For the giant manta ray identification and distribution portion of my internship, I was recording sightings of giant manta rays around the Gulf of Mexico and in the Caribbean area. This species, Mobula birostris, was listed under the ESA in 2018 due to several threats worldwide, but there are several data gaps that need to be addressed in the listing. While recording sightings to hopefully help fill in the gap of habitat preferences and distribution, I also recorded human interactions, and while the majority of these interactions were with vessels or recreational fishers, I also found an individual having an interaction with a mooring or anchor line. We have records of this occurring with reef manta rays in Hawaii, but as far as we know, this is the first documented interaction to occur of this type in the Southeast region. We also didn’t have any documented sightings previously recorded in the Caribbean, so all of the coordinates that I found could be added as the first sightings documented in that region.

I wish I had more updates to provide, but it looks like that is it for me until the next month!

July Blog

Nathaniel Guilford, graduate student

1 August 2019

As my project will directly sequence the DNA from scat samples for seal identities and prey species without any PCR-based target amplification, it is important to initially extract a viable amount of high-quality genomic DNA. If I were instead screening scat samples for certain pre-determined target sequences, I would not need to worry about getting a lot of DNA out of each sample. I would just need a few copies of the specific sequence to amplify, which could then be easily detected. Previous work in our lab has used this method for identifying seal sex and prey species composition and was successful with certain extraction kits. Therefore, I began to follow the same methods for DNA extraction. After several attempts with these kits, I was failing to obtain final DNA concentrations above 1 ng/ul, which is far below our sequencing threshold.

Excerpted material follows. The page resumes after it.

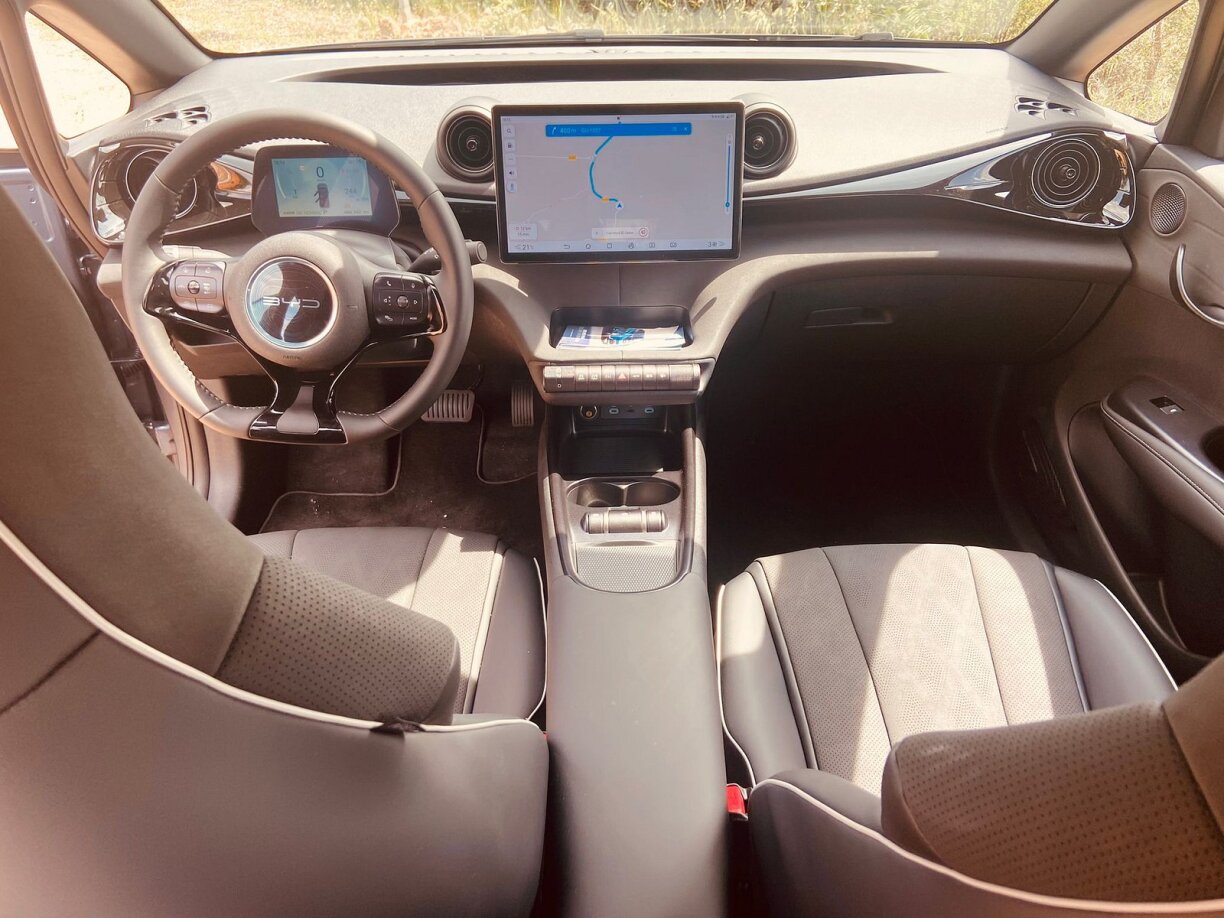 De BYD Dolphin ass vum Design hir, ee flotte léiwen Auto an deems du genuch Plaz hues. Hien ass ganz gutt verschafft. Do si vill Marken, déi vill méi kaschten, déi sech kéinten eng Scheif erofschneiden. Alles ass iwwersiichtlech an du hues genuch Méiglechkeeten, fir däin Handy an aner Saachen ze placéieren.

After deliberation and some generous help/supplies from Dr. Zinkgraf, I began using two new methods, an extraction kit for plant DNA, and a CTAB (cetyl trimethylammonium bromide) extraction protocol. These two methods proved successful, and I was getting concentrations approaching 100 ng/ul. Oddly for scat samples, the plant extraction kit and CTAB method worked well. These are commonly used for plant tissues, which contain a lot of metabolites and biomolecules that can prevent efficient DNA extraction. These methods proved to work for stool samples as well, and following this development, I ordered the same company’s stool-specific extraction kit that could also help remove some of the metabolites and inhibitory compounds found in scat.

Since receiving this kit, I have had around a 75% success rate in acquiring sufficient DNA yields from both fresh and 3-6-year-old scat samples. This should allow me to gather a final set of samples for sequencing (selected based on geographic coverage and total DNA yield) and send them off to the University of Minnesota Genomics Center by the end of the month! I’m excited to be one big step closer to receiving the sequence data that I can then dive into as I investigate how we can employ this non-invasive sample type for seal diet tracking.

This month, I was also lucky enough to be invited to observe a seal necropsy at Friday Harbor labs by the San Juan County Stranding Network. I had previously observed a necropsy while attending the labs as a post-undergraduate researcher, however this time I was able to assist when needed. It was a great learning experience that provided insight into the great people and their work in our local waters. While on the island, I was also able to pick up the blubber samples the network had collected for me to use in my second sequencing run. Once I receive an extraction kit for lipid-rich tissues (such as blubber), I can extract the DNA from these samples, and finally have my final set of samples I will need for my entire project done and ready to be sequenced!